Las luces multicolores iluminaban el cielo nocturno, pintando destellos de rojo, dorado y azul en las aguas tranquilas del mar. El estruendo de los fuegos artificiales retumbaba en el aire, una celebración que parecía ajena a todo lo que él sentía en ese momento. La multitud aplaudía emocionada, pero Tomás apenas podía escuchar el ruido a su alrededor. Su respiración era irregular, su pecho dolía, y sus ojos estaban empañados de lágrimas que irremediablemente comenzaron a caer, aunque con dificultad.
Se sentó en un banco apartado, lo suficientemente lejos de la feria como para no sentir la presión de las miradas ajenas. El frío del metal atravesó su ropa, pero no le importó. Sus manos temblaban, y el nudo en su garganta parecía apretarse cada vez más.

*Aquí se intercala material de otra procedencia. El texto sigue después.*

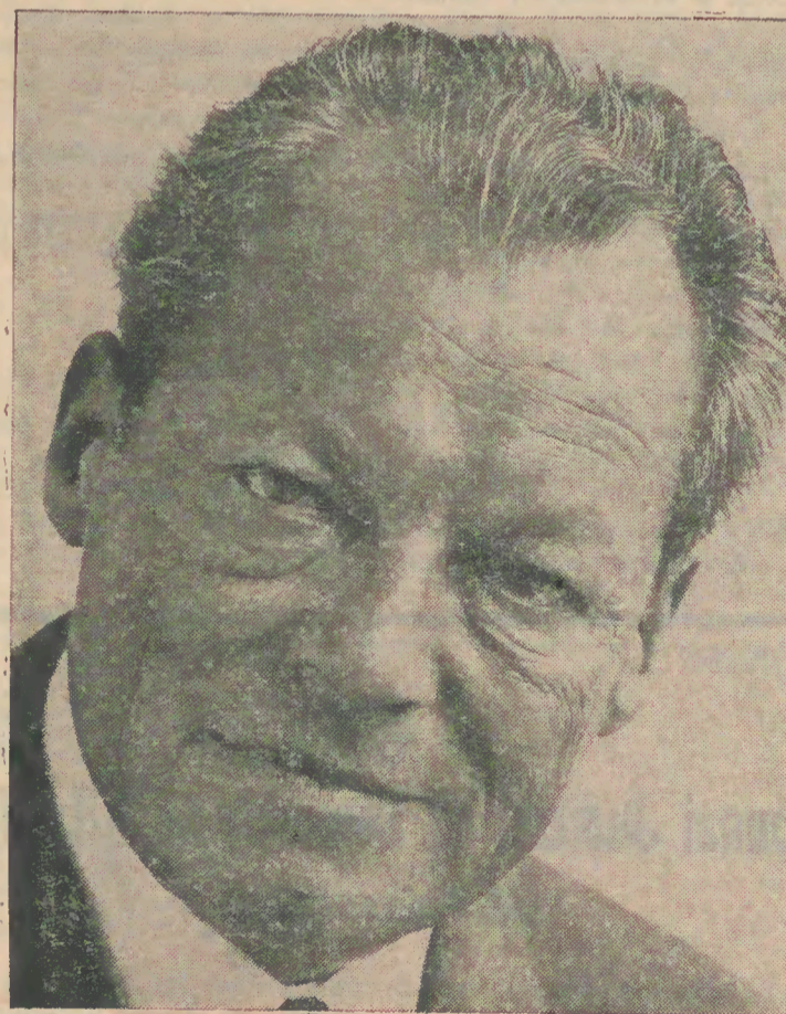
Um Europeu. Willy Brandt, Outubro de 1971. Nascido em 1913, em Lubeck, casado, 4 filhos. De 1933 a 1945 ocupação política e jornalística na Escandinávia. De 1945 a 1947 correspondente na Alemanha de jornais escandinavos. De 1957 a 1966 Burgomestre Regente de Berlim. Desde 1963 Presidente do Partido Social Democrático da Alemanha Federal. De 1966 a 1969 Ministro dos Negócios Estrangeiros da República Federal da Alemanha. Desde 1969 Chanceler Federal Alemão. Em 1970 «Homem do Ano». Em 1971 Prémio Nobel da Paz.

No final, tomarão posse os mordomos que farão as festas da Páscoa em 1972, dentro do verdadeiro espírito cristão.

No pudo contener más el llanto, y dejó que las lágrimas fluyeran libremente mientras observaba las explosiones de luz en el cielo.
"Por eso estaba tan radiante..." Una sonrisa amarga destrozó su rostro.
La idea lo golpeó con la fuerza de una verdad aciaga. Siempre había pensado que algo especial vivía en su sonrisa, algo que ella compartía con él, una calidez que, aunque pasajera, le daba sentido a esos pequeños momentos juntos. Pero ahora entendía que esa luz nunca había sido para él. Nunca había sido por él.
"Era feliz porque ya tenía lo que quería. Su mundo ya estaba completo... y yo nunca formé parte de él."
El pensamiento era devastador, pero no podía escapar de él. Se lo repetía una y otra vez en su mente, como si al hacerlo pudiera acostumbrarse al dolor, como si pudiera entumecerlo. Pero no había consuelo en esas palabras, solo una tristeza que parecía extenderse como una marea negra en su interior, cubriéndolo todo, como una tinta imborrable que se esparcía por su lienzo.
Tomás cerró los ojos y dejó que el ruido de las explosiones lo envolviera. Las luces que pintaban el cielo se filtraban a través de sus párpados, pero no podían alejar la oscuridad que lo consumía. El recuerdo de su mirada, de su sonrisa brillante, se mezclaba con la imagen de sus manos entrelazadas con las de Ariel. "La misma mano que sostuvo la mía... La misma sonrisa que me hizo creer en algo más... burlado… otra vez".
Cada segundo que pasaba lo hundía más en esa sensación de abandono, de insignificancia. Había creído que podía ser algo para ella, aunque fuera algo pequeño. Pero esa ilusión ahora se desmoronaba por completo.
Cuando abrió los ojos, las últimas luces de los fuegos artificiales caían como lluvia en el cielo, desvaneciéndose lentamente hasta que todo quedó en sombras. La multitud gritó emocionada, pero para él, solo había silencio.
"Al final, solo fui una sombra que pasó por su vida. Una sombra que nunca significó nada."
Tomás dejó caer la cabeza entre las manos, su cuerpo temblaba. En ese momento, sintió el peso completo de su soledad, más abrumadora que nunca, indeleble. Se dijo a sí mismo que eventualmente el dolor pasaría, que eventualmente sería capaz de mirar hacia adelante. Pero esa noche, bajo el cielo oscuro de un festival que no era para él, se permitió derramar su alma como un aguacero, por todo lo que nunca sería.